*** RECORDS FOR THIS EXERCISE ***

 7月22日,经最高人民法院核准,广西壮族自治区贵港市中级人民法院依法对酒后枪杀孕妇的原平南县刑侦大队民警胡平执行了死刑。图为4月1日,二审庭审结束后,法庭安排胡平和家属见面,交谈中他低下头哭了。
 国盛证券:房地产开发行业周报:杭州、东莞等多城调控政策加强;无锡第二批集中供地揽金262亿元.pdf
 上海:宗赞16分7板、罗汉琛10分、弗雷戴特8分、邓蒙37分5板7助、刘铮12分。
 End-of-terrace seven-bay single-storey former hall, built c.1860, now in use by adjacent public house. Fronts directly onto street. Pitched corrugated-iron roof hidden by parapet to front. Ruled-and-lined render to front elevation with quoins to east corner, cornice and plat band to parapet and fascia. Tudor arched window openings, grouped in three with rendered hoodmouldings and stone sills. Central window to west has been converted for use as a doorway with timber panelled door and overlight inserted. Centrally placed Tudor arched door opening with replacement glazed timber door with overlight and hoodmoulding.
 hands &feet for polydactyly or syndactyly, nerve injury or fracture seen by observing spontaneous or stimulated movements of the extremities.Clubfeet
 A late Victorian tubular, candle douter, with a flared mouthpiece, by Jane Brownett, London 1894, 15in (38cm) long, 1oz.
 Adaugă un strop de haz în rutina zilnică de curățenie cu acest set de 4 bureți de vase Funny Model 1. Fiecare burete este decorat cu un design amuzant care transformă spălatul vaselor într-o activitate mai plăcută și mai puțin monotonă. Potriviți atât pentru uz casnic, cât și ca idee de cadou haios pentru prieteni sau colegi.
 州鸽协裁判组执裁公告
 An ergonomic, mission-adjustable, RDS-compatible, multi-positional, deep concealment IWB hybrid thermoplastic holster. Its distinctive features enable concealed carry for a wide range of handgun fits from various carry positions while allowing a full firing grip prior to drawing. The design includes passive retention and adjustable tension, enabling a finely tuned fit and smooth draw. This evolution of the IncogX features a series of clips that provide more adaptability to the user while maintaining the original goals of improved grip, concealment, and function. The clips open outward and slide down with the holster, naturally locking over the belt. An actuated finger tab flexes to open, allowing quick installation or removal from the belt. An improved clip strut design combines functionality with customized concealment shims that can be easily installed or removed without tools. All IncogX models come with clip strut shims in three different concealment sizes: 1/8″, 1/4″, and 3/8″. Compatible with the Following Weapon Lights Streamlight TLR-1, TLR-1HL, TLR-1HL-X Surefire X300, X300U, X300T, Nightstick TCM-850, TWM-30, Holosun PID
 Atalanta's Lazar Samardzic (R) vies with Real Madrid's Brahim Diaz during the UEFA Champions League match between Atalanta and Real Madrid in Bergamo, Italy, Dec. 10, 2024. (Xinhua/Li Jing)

***
*** RECORDS FOR THIS EXERCISE ***

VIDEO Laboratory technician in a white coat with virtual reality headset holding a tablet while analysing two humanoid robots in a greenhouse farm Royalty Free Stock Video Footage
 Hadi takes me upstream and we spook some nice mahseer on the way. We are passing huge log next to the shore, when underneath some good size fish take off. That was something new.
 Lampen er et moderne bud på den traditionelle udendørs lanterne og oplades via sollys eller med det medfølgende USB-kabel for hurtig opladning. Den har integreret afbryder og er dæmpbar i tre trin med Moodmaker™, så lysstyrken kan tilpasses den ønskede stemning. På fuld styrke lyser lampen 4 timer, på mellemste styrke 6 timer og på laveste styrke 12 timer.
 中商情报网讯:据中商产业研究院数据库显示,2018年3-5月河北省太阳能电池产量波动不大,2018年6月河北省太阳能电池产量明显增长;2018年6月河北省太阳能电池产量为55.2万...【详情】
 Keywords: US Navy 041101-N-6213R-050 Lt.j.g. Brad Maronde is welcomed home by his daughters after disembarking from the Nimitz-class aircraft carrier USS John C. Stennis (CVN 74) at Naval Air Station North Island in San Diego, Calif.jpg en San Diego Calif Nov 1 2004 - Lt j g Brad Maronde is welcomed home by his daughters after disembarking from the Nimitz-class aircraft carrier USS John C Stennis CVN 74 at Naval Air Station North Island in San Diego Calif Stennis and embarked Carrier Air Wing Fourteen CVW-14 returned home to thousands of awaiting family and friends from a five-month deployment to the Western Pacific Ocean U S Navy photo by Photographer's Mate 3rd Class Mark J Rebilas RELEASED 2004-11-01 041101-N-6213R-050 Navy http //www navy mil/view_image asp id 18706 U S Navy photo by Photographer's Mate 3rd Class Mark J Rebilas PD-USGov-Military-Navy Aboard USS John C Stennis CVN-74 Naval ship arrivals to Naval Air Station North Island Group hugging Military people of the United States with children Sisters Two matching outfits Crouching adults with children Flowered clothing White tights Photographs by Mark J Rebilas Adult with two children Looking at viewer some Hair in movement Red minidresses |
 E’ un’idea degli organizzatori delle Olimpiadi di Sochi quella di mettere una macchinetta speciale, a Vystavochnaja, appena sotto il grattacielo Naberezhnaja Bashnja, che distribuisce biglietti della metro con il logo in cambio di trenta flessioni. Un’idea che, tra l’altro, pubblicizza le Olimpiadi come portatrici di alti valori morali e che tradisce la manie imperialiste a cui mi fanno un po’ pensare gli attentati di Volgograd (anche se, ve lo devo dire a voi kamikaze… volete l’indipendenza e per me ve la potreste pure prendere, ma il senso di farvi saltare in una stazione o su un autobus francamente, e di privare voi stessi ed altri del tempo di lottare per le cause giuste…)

***

WHAT THE EXERCISE ASKS.
Show me all lines in the records that contain "design".

PROBLEM SOLUTION.
 Adaugă un strop de haz în rutina zilnică de curățenie cu acest set de 4 bureți de vase Funny Model 1. Fiecare burete este decorat cu un design amuzant care transformă spălatul vaselor într-o activitate mai plăcută și mai puțin monotonă. Potriviți atât pentru uz casnic, cât și ca idee de cadou haios pentru prieteni sau colegi.
 An ergonomic, mission-adjustable, RDS-compatible, multi-positional, deep concealment IWB hybrid thermoplastic holster. Its distinctive features enable concealed carry for a wide range of handgun fits from various carry positions while allowing a full firing grip prior to drawing. The design includes passive retention and adjustable tension, enabling a finely tuned fit and smooth draw. This evolution of the IncogX features a series of clips that provide more adaptability to the user while maintaining the original goals of improved grip, concealment, and function. The clips open outward and slide down with the holster, naturally locking over the belt. An actuated finger tab flexes to open, allowing quick installation or removal from the belt. An improved clip strut design combines functionality with customized concealment shims that can be easily installed or removed without tools. All IncogX models come with clip strut shims in three different concealment sizes: 1/8″, 1/4″, and 3/8″. Compatible with the Following Weapon Lights Streamlight TLR-1, TLR-1HL, TLR-1HL-X Surefire X300, X300U, X300T, Nightstick TCM-850, TWM-30, Holosun PID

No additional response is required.